Esta trilogía de actos, con la grata presencia del homenajeado, se cerró con una popular comida al aire libre que ofreció con generosidad el Ayuntamiento de Azinhaga a nativos y foráneos. No era el banquete de la boda de Camacho, que con tanta profusión de detalles nos describe Cervantes en la segunda parte del Quijote, pero se aproximaba. La generosidad en el vino se notó después, ya anochecido, a la hora de tomar el autobús de regreso a Lisboa y ver y oír cómo se desataban las lenguas y las gargantas cantoras de la juventud.
Al día siguiente, domingo primero de junio, asistimos a la inauguración de la exposición sobre José Saramago en uno de los muchos palacios que salpican la ciudad de Lisboa. Auspiciada por la Fundación César Manrique de Lanzarote y montada por la mano experta de Fernando Gómez Aguilera, pone al alcance del visitante toda la vida y la obra del genial escritor. Sólo le encontramos un defecto: el catálogo-libro que perpetua el evento –todo un legado para las generaciones futuras–, tan sólo existe en portugués. Aprovecho la ocasión para pedir su traducción –lo pido por orden de simpatías lingüísticas– al español, francés e inglés. La universalidad del escritor lo está exigiendo. La cátedra José Saramago de la Universidad de Granada –todo un acierto del nuevo rector–, a través del profesor Alberto Matarán Ruiz, tuvo la delicadeza de ofrecernos a cada uno de los expedicionarios un ejemplar del catálogo.

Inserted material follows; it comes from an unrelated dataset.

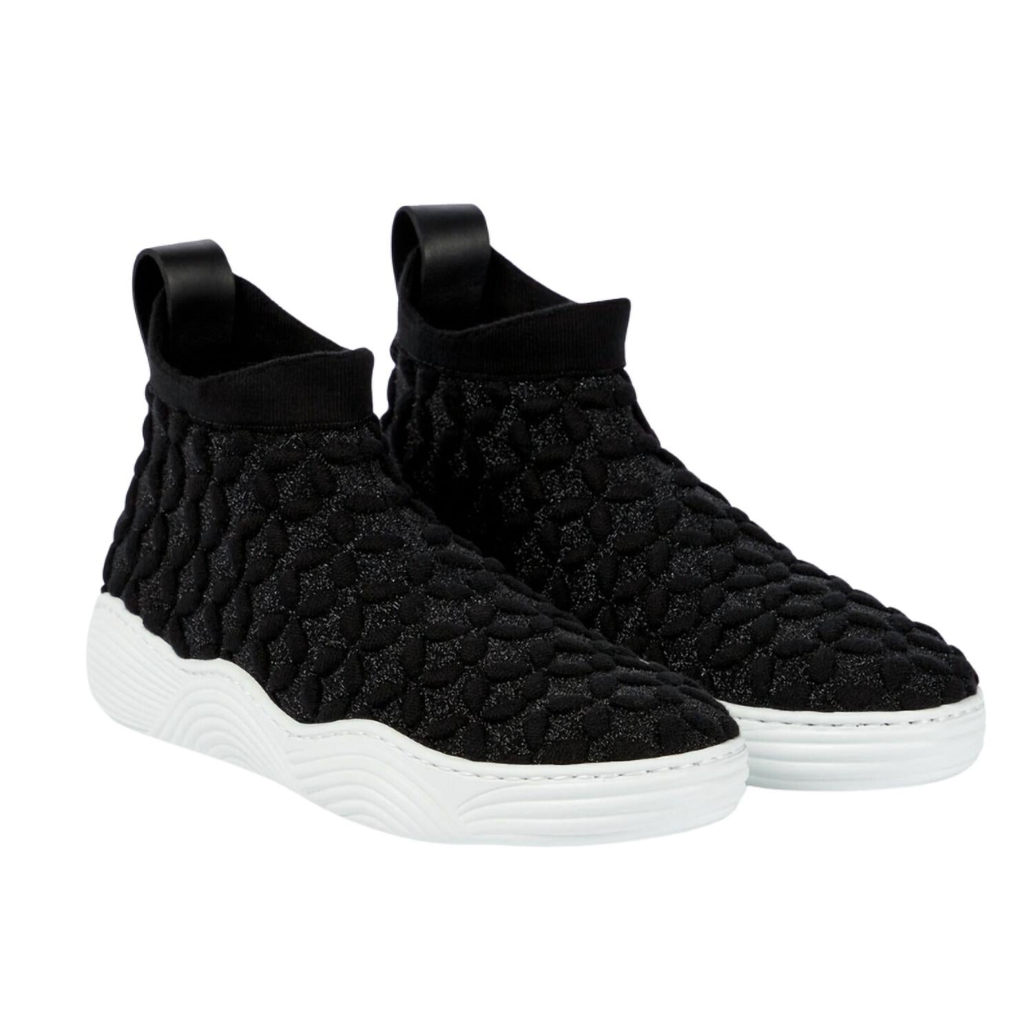 Step up your style game. Crafted in Italy. Boast a signature stretch-knit fabric adorned with the iconic Petale motif, enhanced by leather trim for added luxury. Round toe and rubber sole ensure comfort and durability, making them perfect for transitioning from day errands to evening adventures. Embrace the contemporary fall streetwear trend with these black and white sneakers, ideal for travel and leisurely outings.

Viendo a la gente que iba y venía, oyendo los elogios y leyendo algunos recortes de prensa que salpicaban las paredes del palacio, no pude evitar que me viniera a la cabeza el recuerdo de los tiempos pasados: ¡si los inquisidores levantaran la cabeza! Por fortuna para él y nosotros, todos están muertos y bien muertos.
No quiero terminar sin una sugerencia a quien corresponda: cuando esta exposición cierre sus puertas de Lisboa y de Madrid sería de desear que también visitase Granada. Es verdad que las arcas municipales no están para muchos derroches, pero si aquí no falta dinero para lo superfluo –valga de ejemplo el traslado del caballito, las obras de afeo y acatetamiento de los jardines del Genil o las sucesivas talas de árboles y arbustos– tampoco debería faltar para algo tan esencial y perentorio como es la cultura.